AngryData 38 minutes ago
Ive split wood by hand my entire life to use for heat. Have you?
A practiced arm with an axe beats a maul any day of the week. That's why splitting mauls are a modern device and splitting axes have existed since forever. Plenty of information on it online and on youtube, and why there are dozens of expensive specialty handmade splitting axes to buy and just cheap mauls for the rest.
Also this post is the physics behind it. Kinetic energy scales faster with speed than mass.
Splitting mauls are for people who either lack any experience or physically can't swing an axe that well. An axe is for people who got shit to do and don't have time to waste.
jijijijij 4 hours ago
> The previous answers all restate the problem as "Work is force dot/times distance". But this is not really satisfying, because you could then ask "Why is work force dot distance?" and the mystery is the same.
...
> But now look at this in a train which is moving along with one of the balls before the collision. In this frame of reference, the first ball starts out stopped, the second ball hits it at 2v, and the two-ball stuck system ends up moving with velocity v.
That's still just pushing the problem elsewhere. Intuitively, why does the two-ball system end up with a velocity of 1v?
firebot 17 hours ago
Because it's not momentum. ;p
F=ma (Force equals mass times acceleration)
W=Fd (work equals force multiplied by distance)
V^2=2ad (velocity squared equals two times acceleration times distance)
So W = Fd = ma(v^2/2a)
Finally: W=1/2mv^2 (work equals 1/2 mass times velocity squared)
So this explains why car crashes can be so dramatic, as a doubling of speed results in 4x the kinetic energy.
ajross 17 hours ago
Actually, it is momentum, sorta. Galilean 3D momentum isn't conserved under special relativity. The energy-momentum four-vector, however, is, under all lorentz-transformed frames.
So in some sense energy is momentum in the time direction (though it's not a Euclidean 4D space, so beware of assumptions). For an object at rest, this becomes its E=mc² equivalence. Kinetic energy is just a straightforward "rotation" of the frame.
esalman 14 hours ago
Original comment is correct, it's not momentum. Work (hence, energy) is integral of force over distance, momentum is integral over time. There's not "sorta" about high school physics.
koolala 11 hours ago
c1ccccc1 15 hours ago
If you use the right formula for calculating it (which approximates p=mv at low speeds), momentum is actually conserved in special relativity, and so is energy.

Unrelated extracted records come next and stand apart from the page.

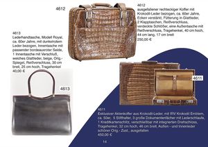 Exklusiver Aktenkoffer aus Krokodilleder, mit IRV Krokodil Emblem, ca. 50er, 5 Stifthalter, 3 große Dokumentenfächer mit Lederschlaufe, 1 Kreditkartenschlitz, verschließbar mit intigrierten Drehschloß, Tragehenkel, 32 cm hoch, 46 cm breit, Außen - und Innenleder schöner Orig.- Zust., ausgefallen
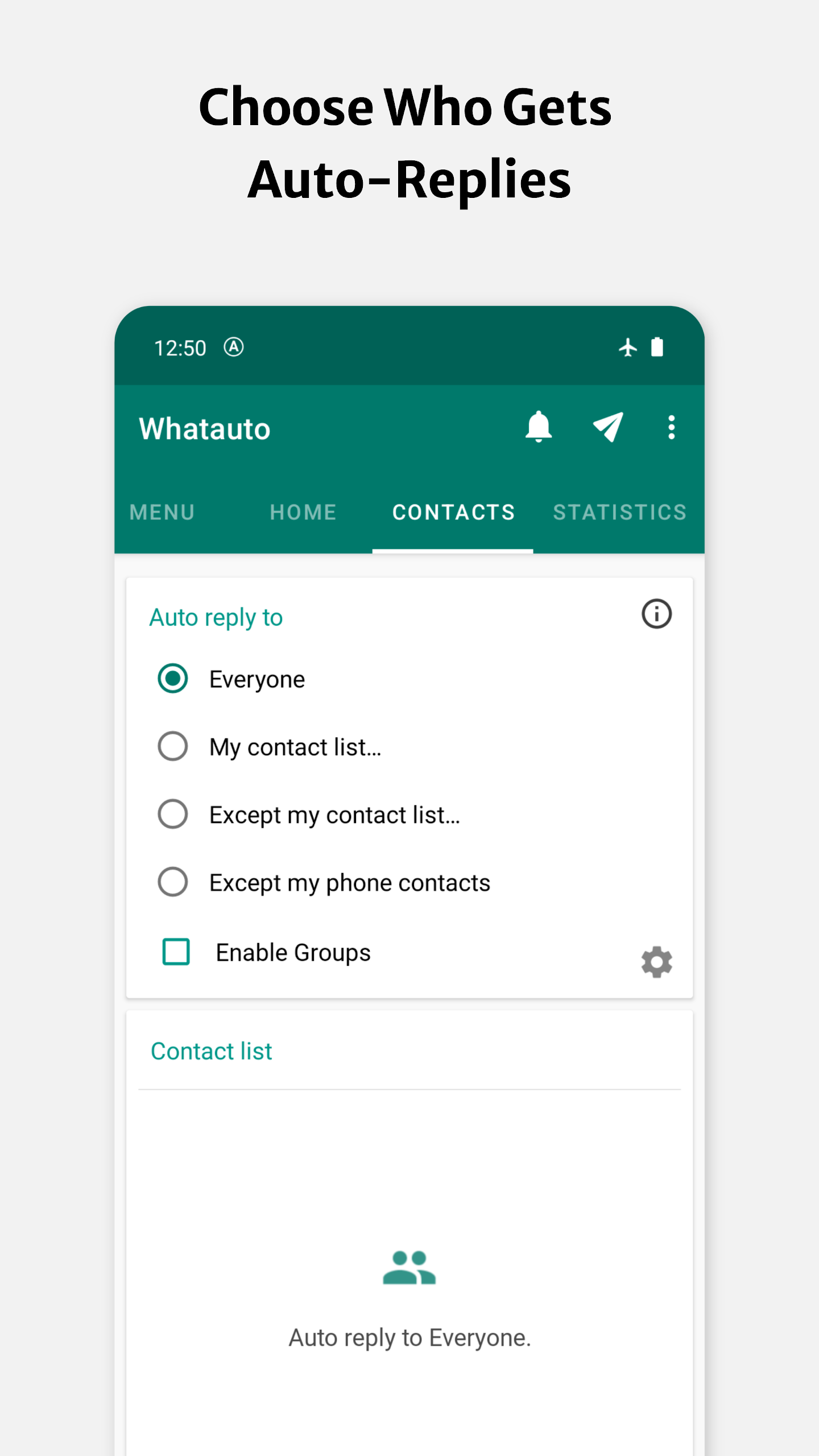 WhatsAuto supports sending auto-replies not only to individual contacts but also to groups within your messaging apps.
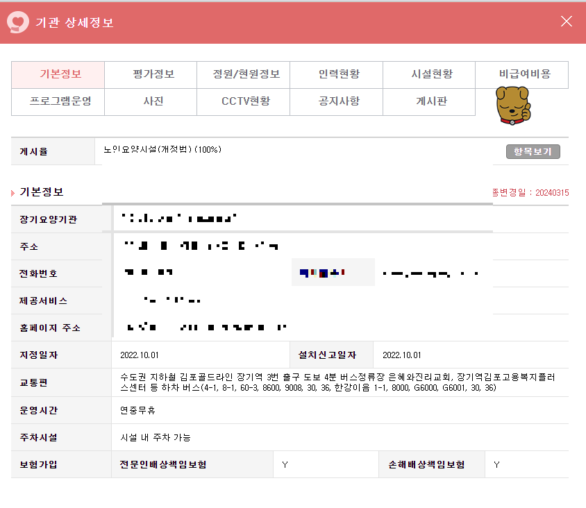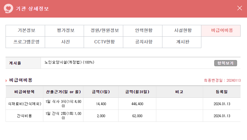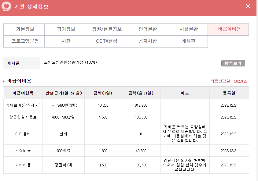 비급여 비용은 요양원마다 차이가 있기 때문에 직접 상담해 보시거나 국민건강보험공단 홈페이지에서 기관 검색 후 기관상세정보에서 알 수 있습니다.
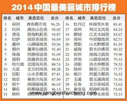 近日,中國城市競爭力研究會公布了2014中國最美麗城市排行榜,山東聊城在全國296座城市中以83.67的高分位居第18位。我省共有5座城市入選前30名,除聊城外還有第3位的青島、第6位的煙臺、第21位的威海和第23位的濟南。
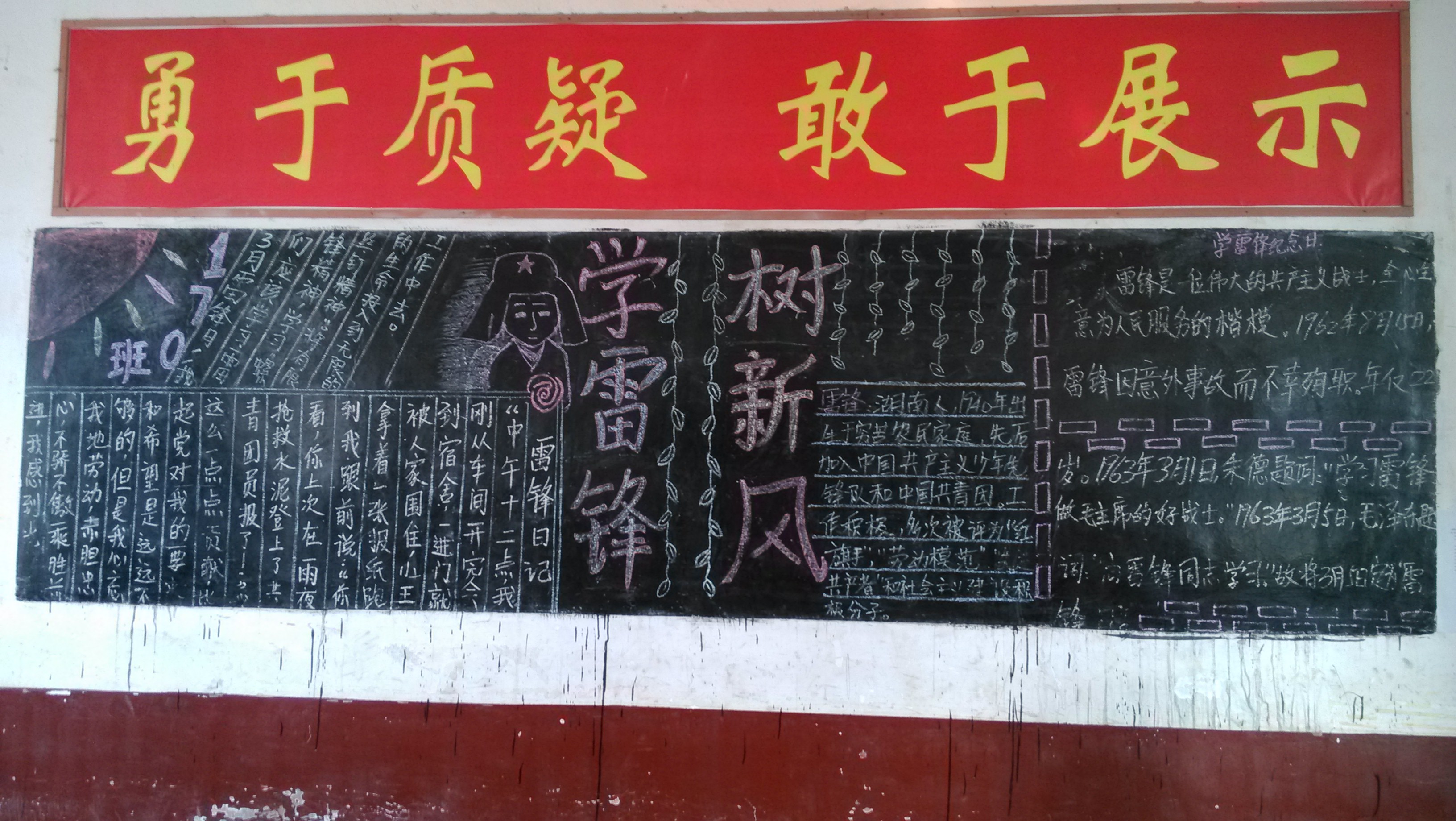 开学初,学校全体教师开展了捐助贫困学生的献爱心活动,资助了学校十五名学生。3月1日,学校政教处利用国旗下讲话,进行了“学雷锋,树新风,我行动”的动员,向全校师生发出了“向雷锋同志学习,做一个有道德的人”的倡议。从3月1日起,每天早晨起床、到放学铃声歌曲设置为学雷锋歌曲,学校各班课前五分钟均唱学雷锋歌曲。学校文化走廊张贴了“学习雷锋精神,构建爽意家园”的宣传专刊;各班办好了“学雷锋、树新风”黑板报专刊;学校广播站每天播报雷锋故事和校园里的学雷锋,树新风的好人好事。
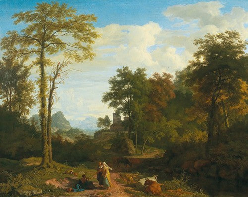 Jan Griffier A Vast Mountain Landscape with Peasants Resting Near a Path and a Small Fortified Town in a Valley from $9.99

However: Energy and momentum are not invariant under changes of reference frame, though the magnitude of the energy-momentum 4-vector is invariant between frames.
firebot 17 hours ago
P=mv (momentum equals mass times velocity)
This is linear.
One small nuance... saying "kinetic energy is just a straightforward rotation of the frame" is close, but it's the total energy that is the time component of the four-momentum and mixes with the spatial momentum under Lorentz transformations. Kinetic energy is the difference between that transformed total energy and the invariant rest energy. So kinetic energy isn't itself a four-vector component, but it arises from how the time component changes when viewed from a different inertial frame.